Uhm.. I had a similar problem recently (but not identical), and it smells as a missing SID problem.
You can try:
ipa user-show admin --all | grep -i ipantsecurityidentifier
You should see the SID for user admin. Now try the same with your account:
ipa user-show <yourusername> --all | grep -i ipantsecurityidentifier
If nothing appears your user (and probably many other) is missing SID. If this is the case you can try:
ipa config-mod --enable-sid --add-sids
HTH
Ciao, gc
On 31/01/2024 16:18, Steve Berg via FreeIPA-users wrote:
For a few weeks now I've been seeing a problem getting authenticated to my ipa domain.
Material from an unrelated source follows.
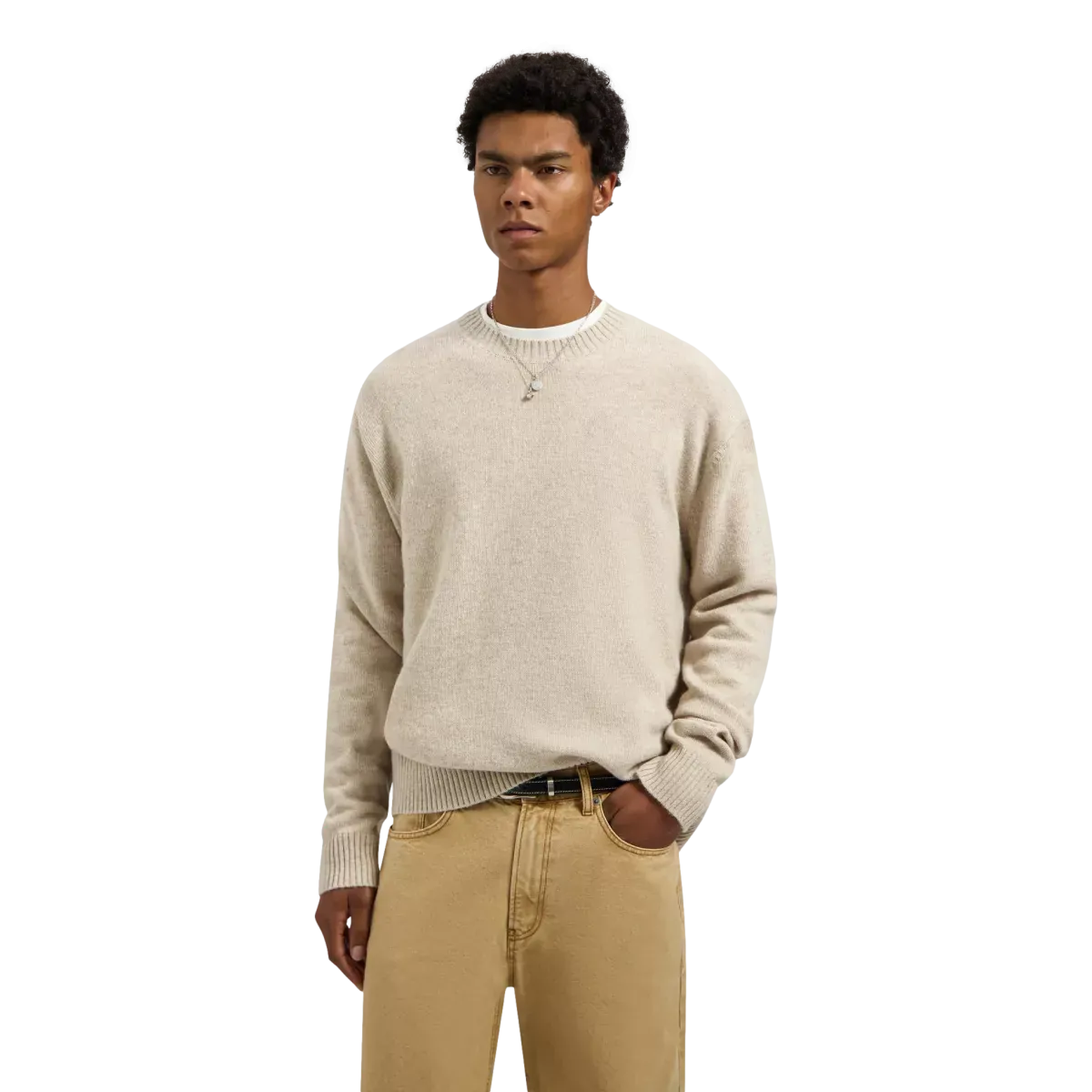 De trui is vervaardigd uit een zachte, warme wolmix die comfortabel aanvoelt en je prettig warm houdt. Het strakke silhouet en de verfijnde textuur geven de knit een moderne, verzorgde uitstraling, waardoor hij moeiteloos past bij zowel casual als meer geklede looks.

I can get command line and web UI stuff done by using the admin user but if I get a ticket using my account which is in the admins group I get the following on the web UI:
Your session has expired. Please log in again.
On the command line any ipa commands I've tried so far give me:
ipa: ERROR: Insufficient access: SASL(-1): generic failure: GSSAPI Error: Unspecified GSS failure. Minor code may provide more information (Credential cache is empty)
Getting a ticket as admin on command line lets me run ipa commands with no problem. I think I've got all pertinent certificates loaded up properly. Gonna try a reboot on one of the servers shortly. I have 4 servers on r different vlans, replication between seems to be working properly.
I think the problem is most of the user ID's we use on this domain are not in the ID range configured. We let the install choose a default range when we first set this up. Most of our users have a UID based on their EDIPI # which is a 32-bit ID assigned when a user first gets a DoD CAC. They're usually 10 digits long.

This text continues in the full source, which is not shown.